### Data extracts
---+---

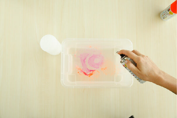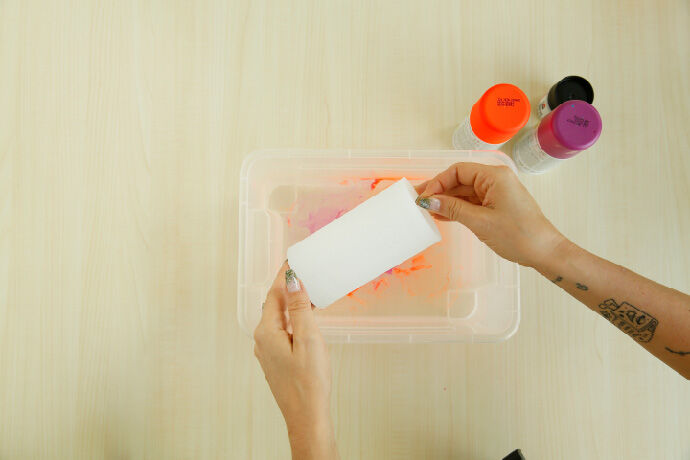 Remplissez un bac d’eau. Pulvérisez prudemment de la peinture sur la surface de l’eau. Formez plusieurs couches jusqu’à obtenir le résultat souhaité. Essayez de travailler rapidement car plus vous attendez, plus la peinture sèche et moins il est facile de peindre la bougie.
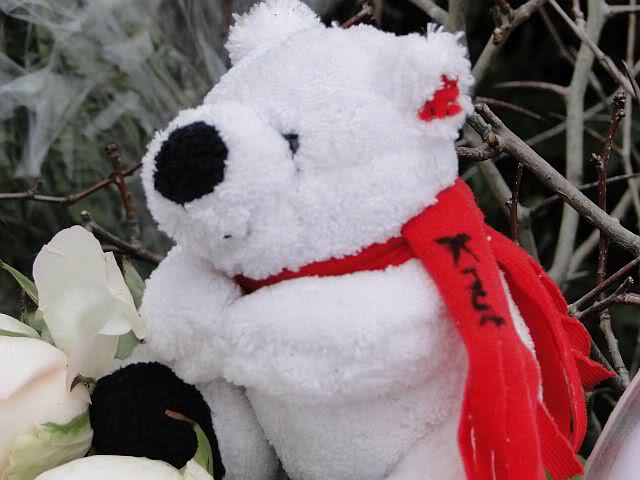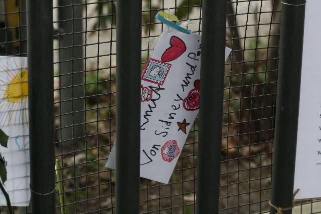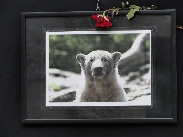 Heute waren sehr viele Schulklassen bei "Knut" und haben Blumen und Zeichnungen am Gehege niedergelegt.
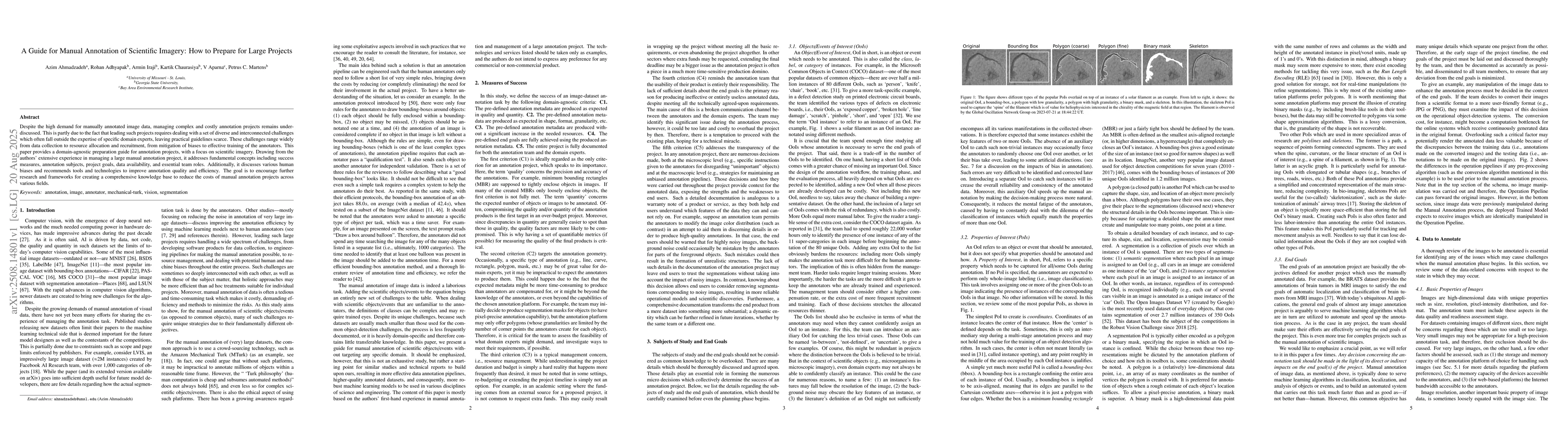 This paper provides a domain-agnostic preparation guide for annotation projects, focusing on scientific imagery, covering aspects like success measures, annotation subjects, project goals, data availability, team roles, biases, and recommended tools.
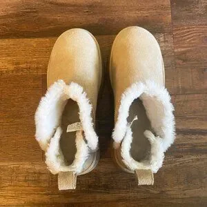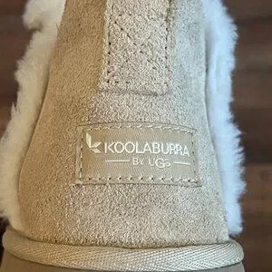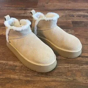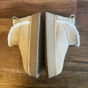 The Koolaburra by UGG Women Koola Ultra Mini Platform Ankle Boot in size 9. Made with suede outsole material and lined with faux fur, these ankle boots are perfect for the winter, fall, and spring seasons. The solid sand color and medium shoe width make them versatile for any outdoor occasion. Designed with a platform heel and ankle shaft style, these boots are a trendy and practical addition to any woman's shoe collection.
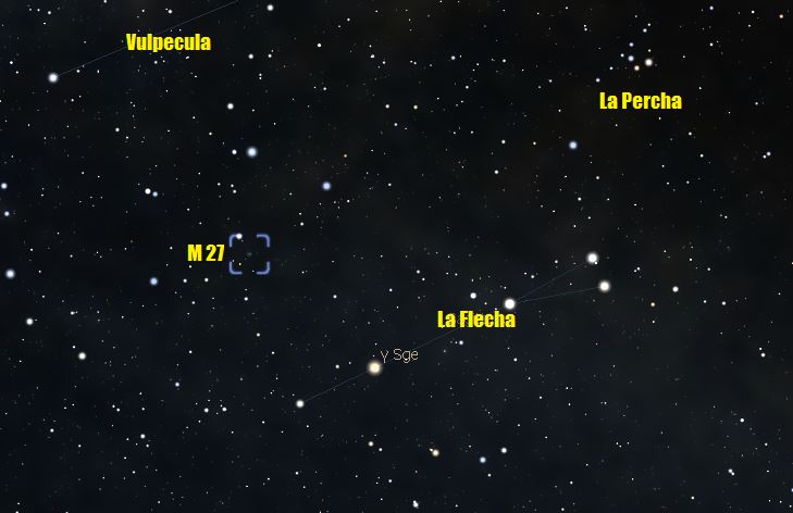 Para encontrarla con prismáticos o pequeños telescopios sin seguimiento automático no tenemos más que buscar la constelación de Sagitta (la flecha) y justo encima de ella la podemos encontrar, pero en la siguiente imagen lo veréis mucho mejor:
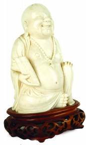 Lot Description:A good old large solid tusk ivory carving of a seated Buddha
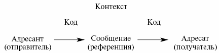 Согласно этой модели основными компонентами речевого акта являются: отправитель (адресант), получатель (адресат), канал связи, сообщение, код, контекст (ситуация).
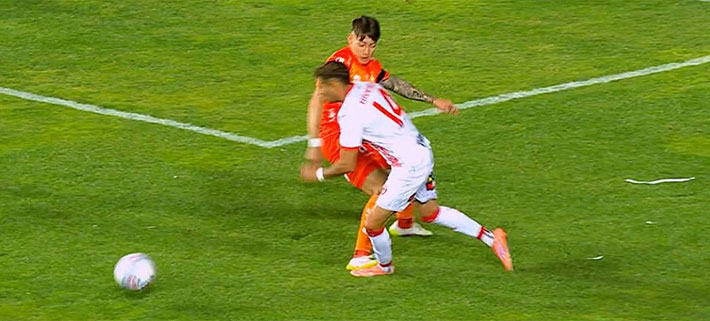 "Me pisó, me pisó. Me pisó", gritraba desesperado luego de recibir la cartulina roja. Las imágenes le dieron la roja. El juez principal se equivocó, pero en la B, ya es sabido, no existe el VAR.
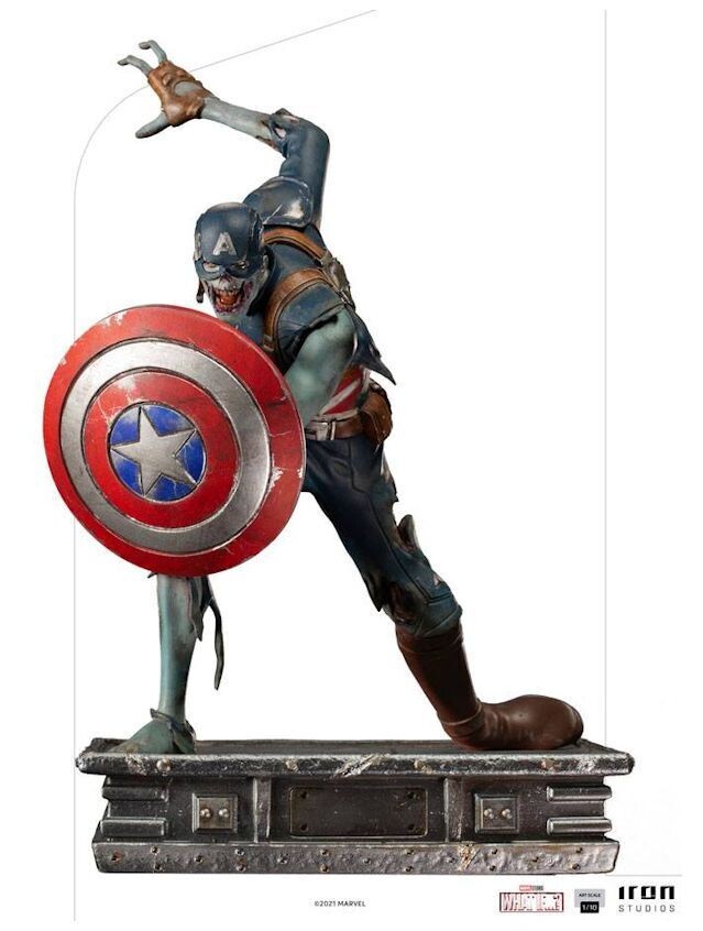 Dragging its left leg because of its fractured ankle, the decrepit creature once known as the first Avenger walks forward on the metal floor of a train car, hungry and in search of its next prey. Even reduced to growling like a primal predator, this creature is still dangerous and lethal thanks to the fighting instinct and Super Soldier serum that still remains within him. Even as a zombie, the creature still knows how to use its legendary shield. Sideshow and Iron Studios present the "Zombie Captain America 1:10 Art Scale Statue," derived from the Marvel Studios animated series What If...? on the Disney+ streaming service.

---+---

Omit all pictures, and repeat exactly the lines from the line containing "The Koolaburra by" through the end of the data.

 The Koolaburra by UGG Women Koola Ultra Mini Platform Ankle Boot in size 9. Made with suede outsole material and lined with faux fur, these ankle boots are perfect for the winter, fall, and spring seasons. The solid sand color and medium shoe width make them versatile for any outdoor occasion. Designed with a platform heel and ankle shaft style, these boots are a trendy and practical addition to any woman's shoe collection.
 Para encontrarla con prismáticos o pequeños telescopios sin seguimiento automático no tenemos más que buscar la constelación de Sagitta (la flecha) y justo encima de ella la podemos encontrar, pero en la siguiente imagen lo veréis mucho mejor:
 Lot Description:A good old large solid tusk ivory carving of a seated Buddha
 Согласно этой модели основными компонентами речевого акта являются: отправитель (адресант), получатель (адресат), канал связи, сообщение, код, контекст (ситуация).
 "Me pisó, me pisó. Me pisó", gritraba desesperado luego de recibir la cartulina roja. Las imágenes le dieron la roja. El juez principal se equivocó, pero en la B, ya es sabido, no existe el VAR.
 Dragging its left leg because of its fractured ankle, the decrepit creature once known as the first Avenger walks forward on the metal floor of a train car, hungry and in search of its next prey. Even reduced to growling like a primal predator, this creature is still dangerous and lethal thanks to the fighting instinct and Super Soldier serum that still remains within him. Even as a zombie, the creature still knows how to use its legendary shield. Sideshow and Iron Studios present the "Zombie Captain America 1:10 Art Scale Statue," derived from the Marvel Studios animated series What If...? on the Disney+ streaming service.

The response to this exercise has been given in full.